Dear all,

over the last days, I've worked on improving scalability of ns_set operations in NaviServer, which are used on multiple crucial places such as:

 - ndsb interface (returning tuples as ns_sets)
 - configuration values
 - headers

The classical implementation for ns_sets uses separately malloced storage for every attribute name and attribute value. So, e.g., for 1000 ns_sets with 20 members each, this means 1,000*20*2 = 40,000 malloc/free operations, e.g. for a single db query! Although the malloc implementations have improved, these will require many lock operations, especially under load, where many threads might do as much malloc operation. One other consequence is that the allocated memory will be scattered over address space, which has bad implications for CPU caching.

The new implementation uses a single Tcl_DString per ns_set keeping all attribute names and attribute values. This reduces the malloc operations and improved memory locality, such that cache hits will improve.

One caveat is that modules using ns_set have to be recompiled, since the full data structure of the ns_set is exposed, and adding a member causes a binary incompatibility.
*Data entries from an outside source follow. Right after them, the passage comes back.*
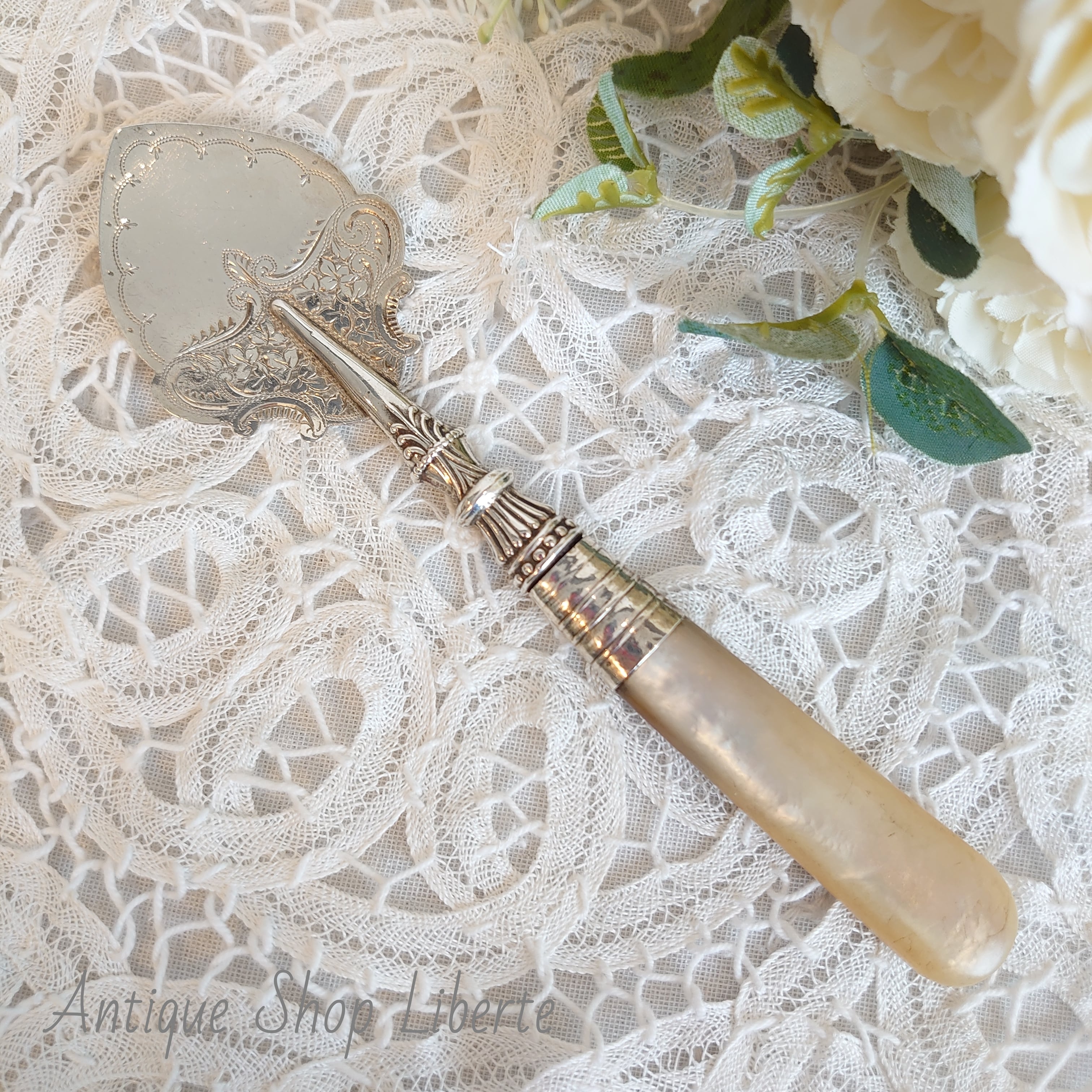 アンティークのマザーオブパールのジャムスプーンで素敵な朝食やティータイムをお楽しみ下さいませ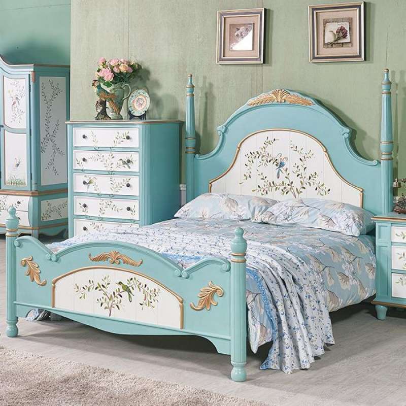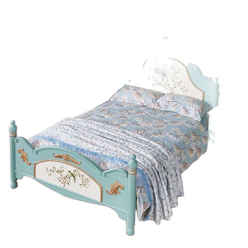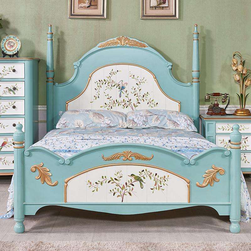 美式乡村田园风手彩绘.米双人床实木复古.米主卧地中海公主床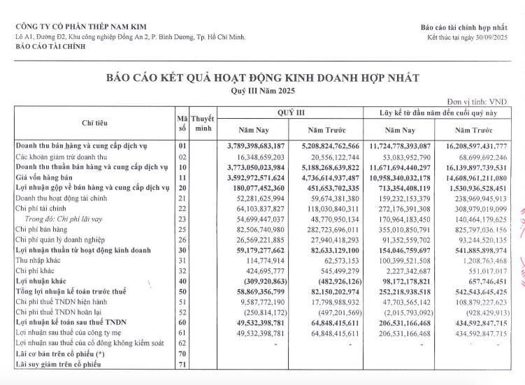 Theo đó, trong quý III/2025, Thép Nam Kim ghi nhận doanh thu thuần đạt 3.773 tỷ đồng, giảm 27,3% so với cùng kỳ năm ngoái.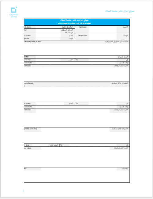 نموذج إجرائي خاص بخدمة العملاء (مستند مجاني)

One other potential problem is that C-level modules using the Ns_Set* API have to make sure that long-living string values are copied. Copying was necessary in general before as well, but might show up now earlier, when the ns_set sees multiple updates. There was one place, inside NaviServer, where a change was necessary. All of OpenACS is working fine with these changes, openacs.org runs already a version having this feature enabled.
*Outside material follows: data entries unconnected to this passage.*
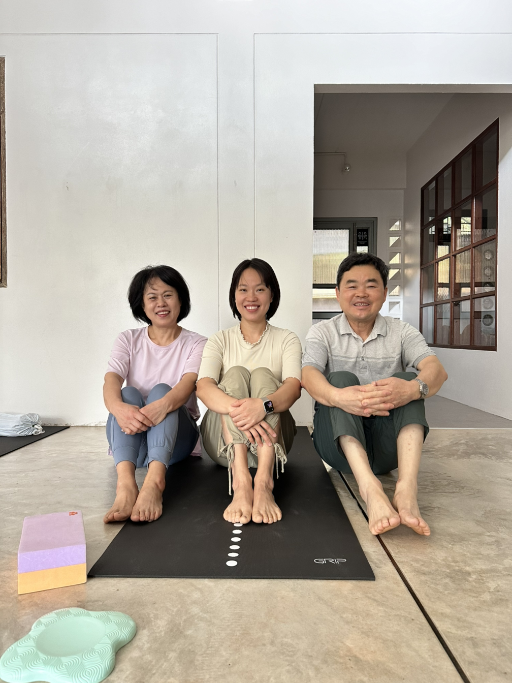 요가에 푹 빠져 있는 나는 부모님도 한 번 해보시면 좋겠다는 생각을 하고 있었다. 해외에서 딸과 함께하는 요가, 지금 생각해도 낭만이다. 마침 숙소 바로 뒤에 요가원이 있어 문의했는데, 딱 우리 세 명을 위한 원데이 클래스를 개설해줬다. 기존에 있는 수련에 참여하려니 요가 경험이 전무한 60대 부모님이 참여해도 괜찮을지 감이 잡히지 않아 망설이고 있었는데, 우리만의 클래스를 열어 준다니 이 얼마나 친절한 치앙마이 요가원인가. 남편도 함께하면 더 좋았겠지만 본인이 아이들과 있을 테니 다녀오라고 배려해 준 덕분에, 친정부모님을 모시고 모닝 요가도 해볼 수 있었다. 예상보다 아사나를 하나하나 차분하게 완성하는 엄마에게 놀랐고, 온몸이 뻐근하고 마음처럼 되지 않았을 텐데 포기하지 않고 열심히 따라 하시던 아빠의 모습도 인상 깊었다. 우리의 수준에 맞게 수업을 이끌어 준 밝은 표정의 남자 요가 선생님도 기억에 남는다.
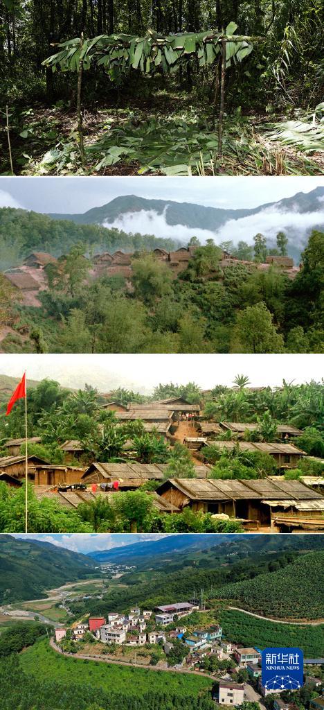 這張拼版照片展示了苦聰人住房的變化:上圖一為2023年7月23日張普忠老人根據自己記憶還原的當年苦聰人還處在原始社會(huì )時(shí)在森林里搭建的芭蕉葉棚子(新華社記者費茂華攝);上圖二為1984年金平縣頂青公社苦聰村寨里的茅草房(新華社記者閔福全攝);上圖三為2001年11月拍攝的金平縣者米鄉下納咪村苦聰山寨嶄新的石棉瓦房(新華社記者藺以光攝);下圖為2023年7月23日拍攝的金平縣者米鄉興發(fā)嶺村(新華社記者陳欣波攝)。新華社記者 費茂華 攝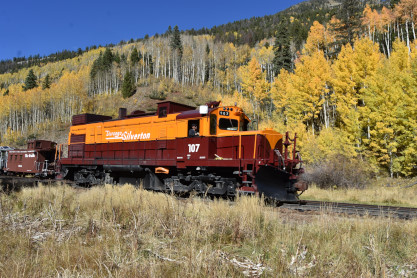 Photo runby five, the diesel helper Durango and Silverton DL-535E 107, nee White Pass and Yukon 107 built by Montreal Locomotive Works in 1969.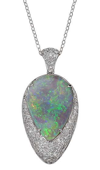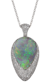 - Opal pendant with 5.48 teardrop-shaped black opal and .71cts diamonds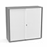 Armoire Armand 2 portes coulissantes H. 113,5 x L. 120 x P. 43,2 cm - 2 tablettes - corps mélamine gris aluminium - portes mélamine blanc neige

However, since this is technically a large change, the initial commit will have this feature deactivated by default (flag NS_SET_DSTRING). My plan is to have this feature by default deactivated for the 4.99* releases, but having it enabled for version 5 of NaviServer. Other goals for NS5 are Tcl9 compatibility (will require source code changes; NSF/XOTcl is already Tcl9 compatible) and the move from MPL 1.1 to 2.0 (as previously [1] announced).

Here are some preliminary results from the ns_set reform.  The tests were performed on openacs.org (Xeon Gold 6226R CPU @ 2.90GHz, 32 cores, hyper-threading enabled). The test executes the SQL query

    select * from acs_objects limit 1000

100 times in sequence. This test is run in 1..30 concurrent threads. With 30 threads, 3mio tuples are retrieved, and 72 mio malloc/free operations are needed alone for the retrieved values.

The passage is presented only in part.